Windmill manufacturers were plentiful back when those wind machines helped pump water on many American farms. Windmills could be built by nearly anyone, provided they had access to a foundry, a place to cut the vanes and spars and nail them together - and a market to sell the wind catchers. When pioneers moved west into more arid lands, the windmill manufacturers followed, and companies such as Aermotor in Chicago, Dempster Mill and Mfg., Beatrice, Neb., and Challenge Wind and Feed Mill Co., Batavia, Ill., became large, successful windmill producers.
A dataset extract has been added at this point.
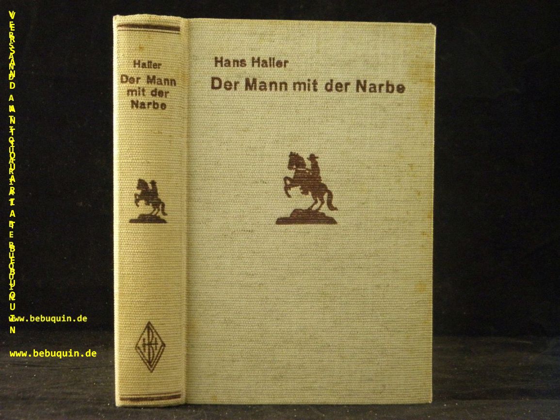 HALLER, Hans: Der Mann mit der Narbe. Bremen (Burmester), (1938). 256 S. ill. OLn. feines Ex. = Burmester’s Abenteuer – Serie. EA. Schegk / Wimmer S6.

Surprisingly, even though they're exposed to the elements year-round, windmills require very little attention. Ideally, the oil should be changed once a year, but I've taken down many that spun indefinitely and still have dark, thick oil in them -with tight gears and bearings. They're a tribute to the builders who crafted the wind machines.
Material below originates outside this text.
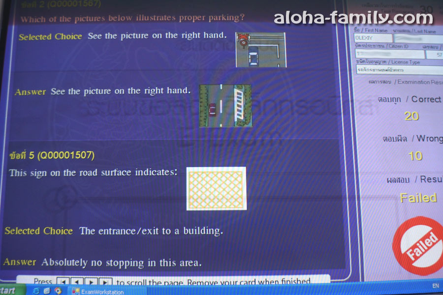 Самое сложное из всего процесса получения прав — сдать теорию на компьютере. Вы можете прекрасно знать правила дорожного движения, замечательно ориентироваться в знаках, дорожной разметке и иметь прекрасные водительские навыки, но сдать теорию на тайском английском — не так и просто без специальной подготовки. Тем более, что в билетах попадаются откровенные ошибки и довольно странные формулировки с точки зрения английского языка и здравого смысла.

I've rebuilt a number of these old windmills, both open and direct-stroke mills, a couple of which I'd like to review for others who may have an old mill in their sights. The Baker Model L, a 10-foot-diameter unit, was built until 1940. The mill's governor is constructed from springs that act on the arms, which connect to the fan sections. As the wind slows down, the springs pull the fan sections flat to expose more of the fan to the wind. In high winds, the centrifugal force causes the fan sections to fold in, exposing less surface area to the wind, which slows down the unit.
This particular mill showed very little wear in its linkages or in its bearings, but required new fan sections. I joined the new fans to the old hardware, and then assembled the whole fan. Although it may seem complex, fan blade fabrication isn't mysterious. I merely measured wood from a pattern and cut the heavier wooden pieces with a table saw.
For the next step, I used a jigsaw to cut the fan blade slots for attachment. The process is fairly simple because the fans extend radially from the center. My fan blade slot width is about 1/4 inch. I take a cutting blade from my power saw and bend the teeth out both ways so it cuts the required slot width. Then I cut the fan blades on a band saw to get the same width as the slots in the heavier sticks. My fan blades are tapered end-to-end, generally from 4 inches to 1 1/2 inches. I taper my blades with a jigsaw. Ideally, blades should go into the slots with a little friction, and are then nailed in place with a piece of reinforced wood in a uniform manner.
The second woodfan windmill restoration we did last winter was a 'Challenge Vaneless,' also a 10-foot mill introduced about 1912. The unit is an early model since it has wooden arms that support the fan sections -later units came with a different front casting design and steel arms. Unlike the Baker restoration, the second windmill required major repair. All the 'dog bone' pivot linkages were worn oval and needed to be bronzed and redrilled. Also, the 7/8- by 1/4-inch flat control arms had to be replaced, along with the round rods, which control the position. Luckily, we had the castings for the ends of the fan sections. The mill had a rather hard-working governor arrangement, with a cast iron bearing and a very heavy counterweight that helps spin the mill at a constant speed. Like the Baker model, the Vaneless needed more grease. In spite of that fact, the main bearing was still good and had no excessive wear on the other pivot points. The main shaft's oilers have no covers, so the oil seeps in and washes out.
To show off our handiwork, my son, Matt, and I took the finished mills to a museum and put them on elevated platforms and treated them with a water-seal finish to bring out the natural wood color. For those interested in reading an enjoyable book on windmills, I recommend T. Lindsay Baker's 'A Field Guide To American Windmills,' a rather pricey book but well worth the money.